▶ [Exercise instructions] Verbatim copy, pictures excluded: every line from the one with "Op de tweede" through the final line of the data below, and no other line.

▶ [Data segment]
# # # #
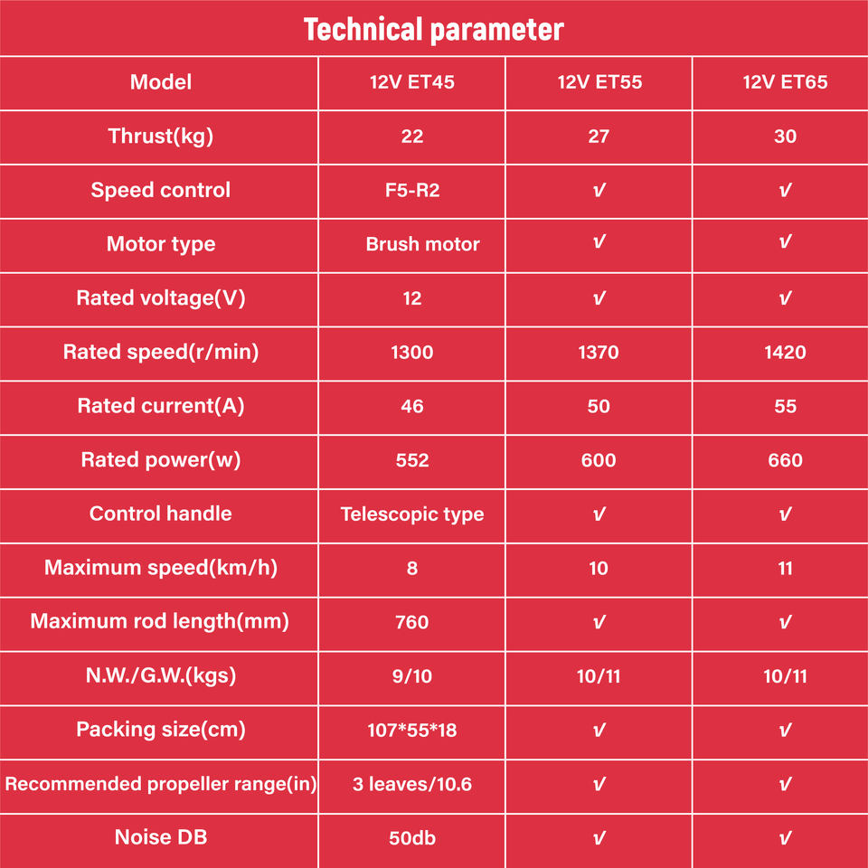 เครื่องลากจูงไฟฟ้าพลัง65LB 12V สำหรับเรือประมงเรือคายัคเรือแคนูเรือเดินทะเล
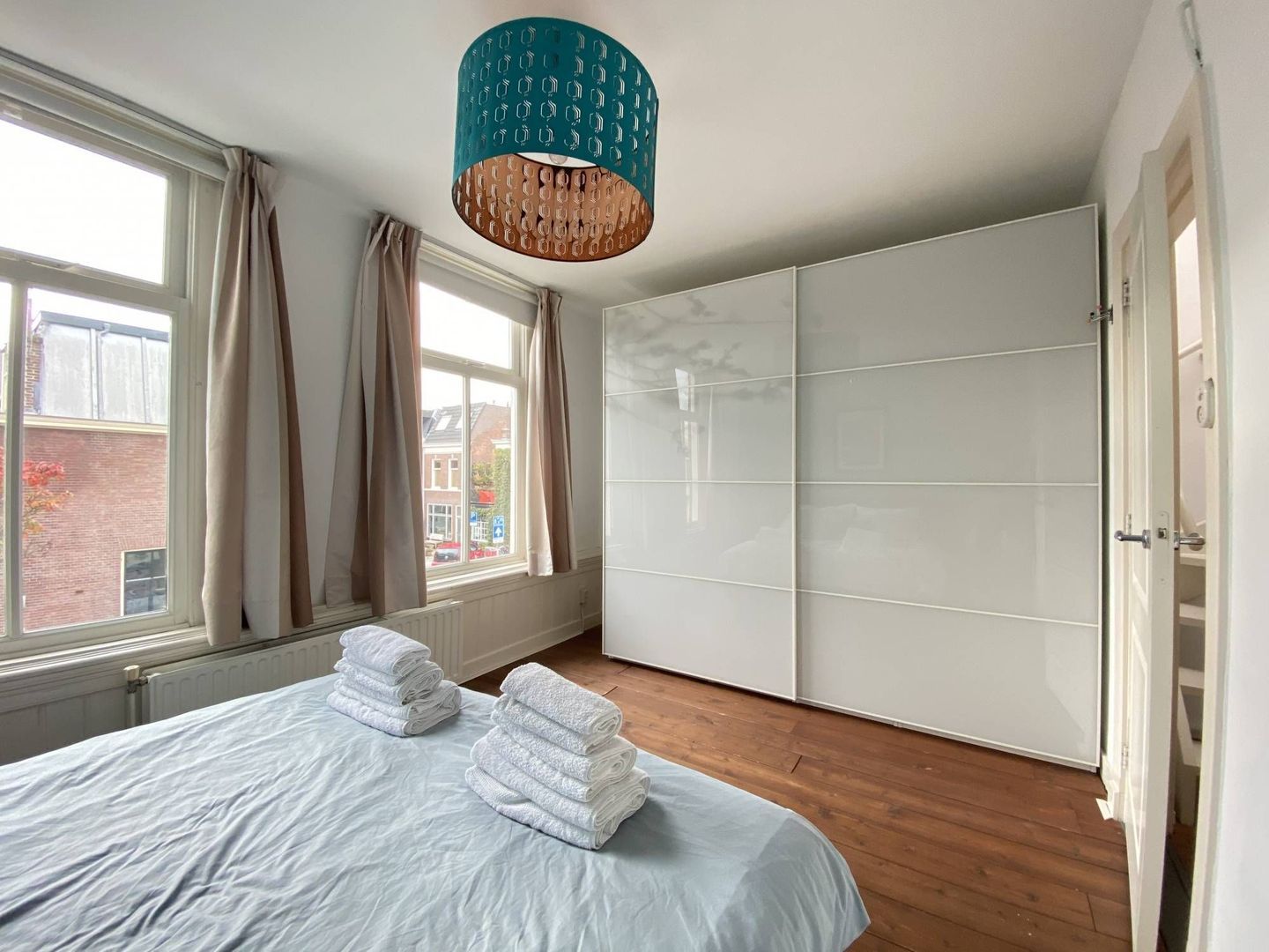 Op de tweede verdieping twee slaapkamers met elk hun eigen kledingkasten.
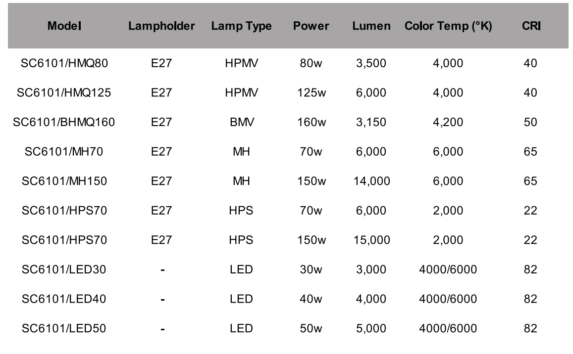 หลอดไฟที่รองรับ: HPMV (80W-125W), MH (70W-150W), HPS (70W-150W) หรือ LED (30W-50W)
# # # #
▶ [Reply]
 Op de tweede verdieping twee slaapkamers met elk hun eigen kledingkasten.
 หลอดไฟที่รองรับ: HPMV (80W-125W), MH (70W-150W), HPS (70W-150W) หรือ LED (30W-50W)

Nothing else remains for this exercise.